LAB will be financed and run by a public-private consortium, including foundations like the ECF, Compagnia di San Paolo (Italy) and Riksbanken Foundation (Sweden) and EU ministries of culture.
It aims to stimulate innovative forms of cultural cooperation, to promote debate, and to provide information and examples of best practice to artists, cultural initiatives, cultural networks and foundations, ministries of culture, and institutions like the European Parliament and the Council of Europe. Its focus will be on cross-border cultural cooperation.
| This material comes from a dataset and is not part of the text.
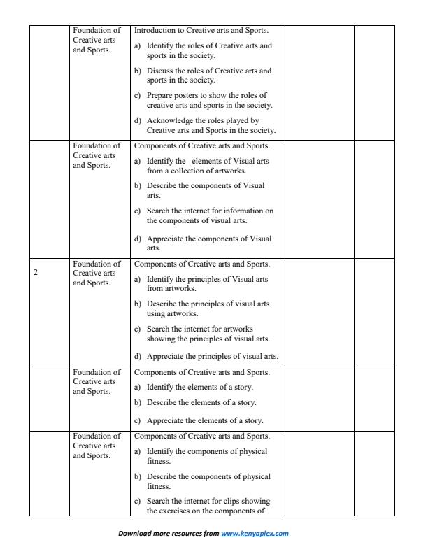 Grade 8 Creative Arts and Sports Notes Strand 1 Notes: Foundations of Creative Arts and Sports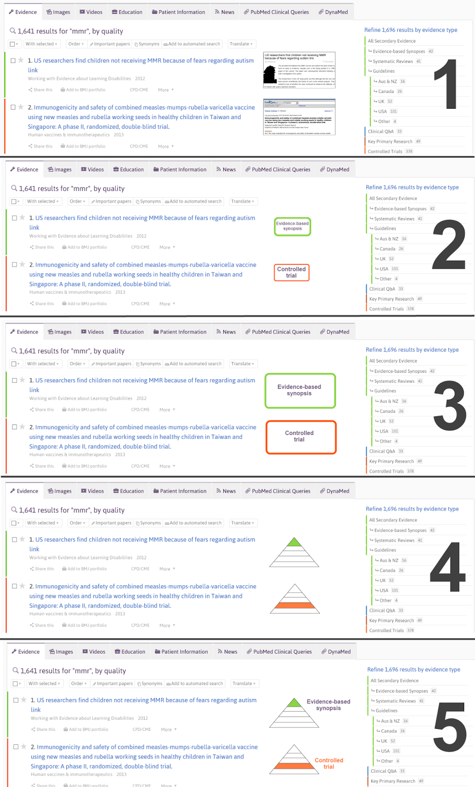 One idea I’ve got is to use the space to give additional information to users to help them understand the evidence they’re looking at. For instance, we could use it to give a clearer idea of the likely strength of evidence. We currently do this via the use of colour flashes but unfortunately many people miss this. The colour flashes link the individual article to the colours used in the filter section (so green indicates higher quality evidence etc.). Below are some images that are an attempt to show what it might look like. I’d appreciate you looking at them (click on the image to enlarge it) and then go to this survey to let us know what you think. There are only 4 questions so it shouldn’t take long.

Initially, it will operate chiefly through a web portal, but it will also promote research and, where appropriate, cooperative projects, such as the ‘Public European Space’ Project, which it is supporting in collaboration with the Federal Agency for Civic Education in Germany.
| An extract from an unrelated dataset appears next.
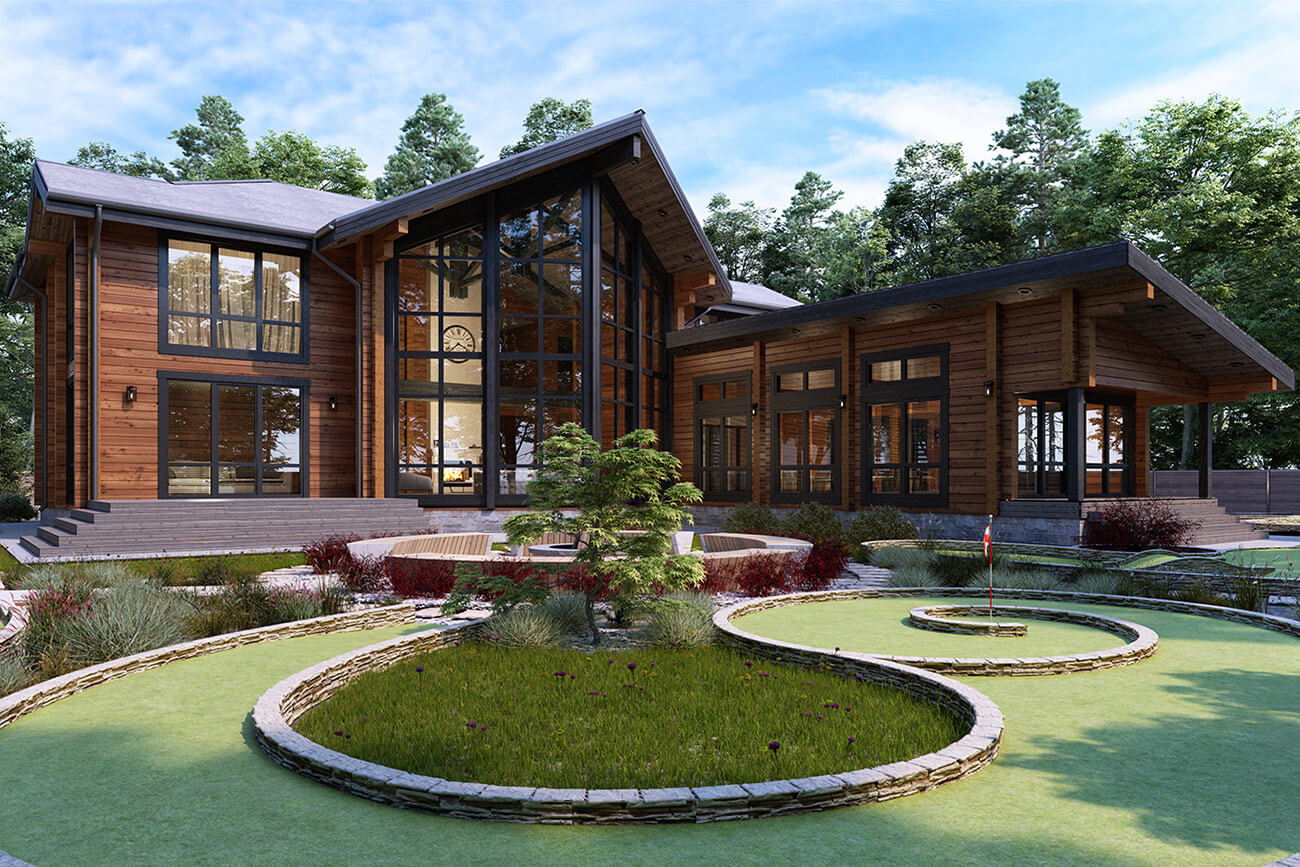Со всех сторон дом выглядит импозантно и респектабельно, он внушает спокойствие и уверенность. Слева от крыльца — вместительный гараж на два автомобиля. Из прихожей, соединенной с гардеробной, вы попадаете в огромную гостиную, залитую вторым светом, — 62 кв. м релакса, непринужденных бесед и созерцания волшебного леса за бескрайними панорамными окнами. К гостиной логично примыкает кухня — столовая, из которой устроен выход на уютное патио.

For more information, see http://www.eurocult.org
The Genomic Revolution: Reshaping Vaccine Development and Delivery
Is it possible to get scientists and policymakers together to discuss big issues?
Perspectives on the Future of Science and Technology (PFST) is a series of conferences which is trying to do just this, and to examine the long-term social impact of emerging science and technologies. The first in the series, ‘The Genomic Revolution: Reshaping Vaccine Development and Delivery’, took place in February this year in the UK. Jointly hosted by the BBVA Foundation of Spain and the UK’s Nuffield Trust, it attracted a US delegation which included State Department officials, and representatives from eight EU member states.
Its major focus was on vaccines for HIV/AIDS. Vaccines are key to checking the spread of AIDS, but participants suggested that new delivery systems will be needed, and the limited virology research capacity in the EU, US and Africa is a serious obstacle to their development. An even greater obstacle is at the political level, where the disease does not always receive the priority it merits. It is hoped that the conference will lead to closer transatlantic collaboration in the area of vaccine development. Future conferences in the PFST series will explore topics in the areas of Sustainable Development, Health, Competitiveness, and Global Security.
The Nuffield Trust also convened a meeting in Geneva in May on behalf of Europe in the World (EITW) to consider what health research will be needed if the Millennium Development Goals are to be achieved and what contributions European foundations might make.